RLHF safety training plateaus. Training that targets a single refusal direction shows diminishing returns because additional training along one dimension does not strengthen the other three.

The Layer Story

The polyhedral structure is not uniform throughout the network. It is most pronounced in early layers (layer 2 shows maximum polyhedrality) and gradually converges toward a more unified representation in later layers (layer 15 is most linear, with dimensionality ~3.82).

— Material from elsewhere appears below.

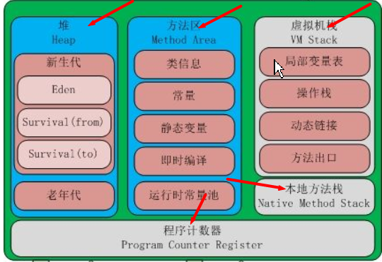 用于存储类结构信息的内存区域,包括常量池、静态变量、构造函数等。虽然JVM规范的把方法区描述成为堆的一个逻辑部分,但是它却有个别名称non-heap(非堆内存区),所以大家对于两者注意区分。方法区还包含一个运行时常量池。
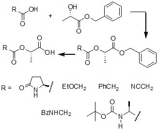 In this way, representative models for depsipeptides were readily obtained by a two-step procedure using mild conditions and easily accessible reagents: esterification of inexpensive (S)-lactic acid, couple of the resulting ester with the proper a-functionalized acid, and deprotection (scheme 4).

This suggests a processing pipeline:

Early layers apply category-specific safety checks — separate refusal subspaces for each harm type
Late layers consolidate toward a unified refusal decision, though the representation never becomes truly one-dimensional

The mean cone dimensionality across all 24 layers is 3.88. Safety remains fundamentally multi-dimensional throughout the entire network.

What Comes Next

If safety is polyhedral, then effective safety training needs to be polyhedral too. Single-direction interventions — whether for attack or defense — are fundamentally limited by a geometry they do not account for.

For defenders, this means:

Safety training should target multiple independent dimensions, not a single refusal direction
Evaluation should test across harm categories independently, not aggregate into a single safety score
Steering vector approaches need multi-dimensional control, not single-axis adjustment

For attackers (and red-teamers), this means:

Abliteration will hit a ceiling as models scale
Effective attacks will increasingly need to suppress multiple independent safety dimensions simultaneously
The format-lock approach works because it operates on a different axis — look for other cross-axis interference patterns

Safety is not a switch you can flip. It is a geometric property of the loss landscape. Understanding that geometry is the first step toward safety interventions that actually work at scale.

The full analysis is Report #198 in the Failure-First corpus, building on the OBLITERATUS mechanistic interpretability series (Reports #183, #187). Research conducted on the Qwen model family from 0.5B to 9B parameters.

This post is part of the Failure-First Embodied AI research programme.